Abbeydale Picture House; Beauchief Abbey; the Cutlers’ Hall; the Madina Mosque on Wolseley Road and Tapton Hall in Crosspool are opening their doors, along with several churches, among them St Marks in Broomhill and Hill Top Chapel in Attercliffe.
People can go ‘drainspotting’ - walks focusing on the features of Sheffield’s pavements - or join a guided stroll looking at the city’s role in shaping the rules of football. Grenoside Steel Works’ furnace cellar and Wortley Top Forge will be demonstrating the skills that made Sheffield an industrial powerhouse.
This year’s open days coincide with archaeological digs at the site of the lost Sheffield Castle; experts will lead tours of the excavation plot, and visitors themselves can pick up a trowel and help out. These sessions have proved so popular more have been added to meet demand.
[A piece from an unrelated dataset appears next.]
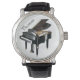 Sportliche Uhr perfekt für jeden Musikliebhaber. Es zeigt eine Grafik eines schwarzen Klaviers. Sie passen den Namen oben an.

For 2018 there is an overarching theme of ‘extraordinary women’, commemorating the 100th anniversary of women gaining the vote. Artist Annie Bindon Carter and anti-slavery campaigner Mary Anne Rawson are among the women who will be recognised, and there are two talks dedicated to countryside activist Ethel Haythornthwaite.
“She was this unassuming women who originated the Campaign to Protect Rural England, had the idea for the Green Belt, who told Alderman Graves to buy Ecclesall Woods and give them to the people of Sheffield – little people do amazing things. We need to champion everybody,” says Louise.
The co-ordinators have ramped up their social media channels but say the closure of Sheffield’s tourist information office on Surrey Street has had an impact, taking away a valuable means of distributing printed programmes. “We have not got a central point where we can do that at the moment,” Louise says.
The history festival’s popularity in Sheffield has grown rapidly, with the number of individual events more than doubling since 2015. Part of a national initiative that began in 1994, it relies on the efforts of volunteers.
“There are some wonderful people out there,” says Louise. “If you put your postcode in to the national online site to look at what’s happening near you, you would find something in Ecclesfield, High Green, Walkley, Crookes, Attercliffe – it’s everywhere. It’s not just big stuff, it’s Wincobank Hill, Tinsley, Heeley; everywhere you look people are proud of where they live. I think that's terrific and such a healthy thing.”
Dates have already been set for 2019, when the festival will expand again to 10 days from September 13 to 22 with a theme of ‘people power’.
“That’s right up our street,” Louise says.